Le wiki.irises.org (AIS Iris Encyclopedia) offre un accès libre et gratuit à l'ensemble de ces données. Chaque entrée contient les informations d'enregistrement, la parenté, les récompenses, les descriptions de catalogues historiques, des photographies contributives et — fonctionnalité précieuse — un outil de recherche des descendants permettant de tracer toute la postérité d'un cultivar donné. Le site irisregister.com, accessible par abonnement aux membres électroniques de l'AIS, propose des fonctions de recherche avancée par pedigree, hybrideur ou année. La Historic Iris Preservation Society (HIPS) complète ce dispositif en documentant photographiquement les iris historiques.

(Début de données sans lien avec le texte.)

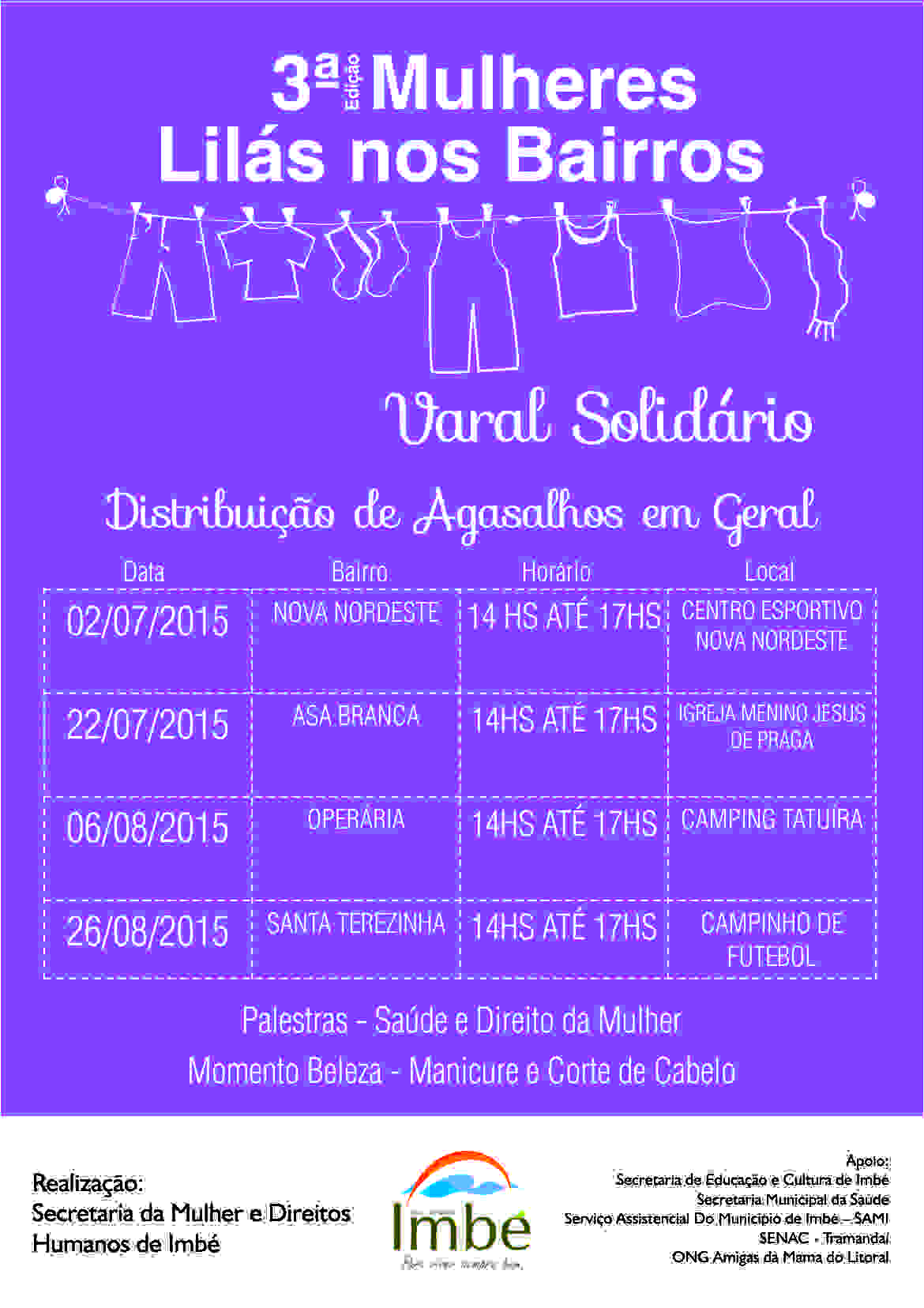 Diversas ações compõe o projeto, como o “Varal Solidário”, que distribui agasalhos em geral, corte de cabelo, palestras sobre a Lei Maria da Penha e também sobre a saúde da mulher. A primeira edição deste ano ocorrerá no Bairro Nova Nordeste.

Certains cultivars transmettent systématiquement leurs qualités à une descendance exceptionnelle. Ces géniteurs d'élite sont des pivots généalogiques dont l'influence irradie sur des dizaines de générations. L'AIS Bulletin a consacré des articles fondateurs à ce concept : « Good Parents » de George W. Warner (1968) et « The Best of Parents » de Clarke Cosgrove (1974).
'Stepping Out' (Schreiner, 1964), plicata fondateur à parenté inconnue, a engendré 'Rondo', 'Gigi', 'Loop The Loop', 'Going My Way'. Plus récemment, 'Decadence' (Blyth, 2001), issu de 'Temple Of Time' × 'Louisa's Song', est devenu l'un des parents les plus prolifiques du XXIe siècle, utilisé par Keppel, Johnson, Black et Blyth lui-même. 'Louisa's Song' (Blyth, 1999) compte 183 descendants nommés — un record éloquent.
Clara B. Rees, hybrideure californienne, croisa le tétraploïde blanc 'Purissima' avec le diploïde orchidée-rose 'Thaïs'. La gousse ne contenait que deux graines dont une seule viable — illustration dramatique de la barrière de ploïdie. Ce semis unique, introduit par Carl Salbach, fut le premier iris à présenter une ondulation véritable des pétales.
Produit par Schreiner's Gardens (parenté non documentée), ce plicata violet et blanc fut le premier de son type à remporter la Dykes Medal (1968) depuis 'San Francisco' en 1927. Encore en vente 60 ans après son introduction, il reste l'une des variétés les plus populaires au monde.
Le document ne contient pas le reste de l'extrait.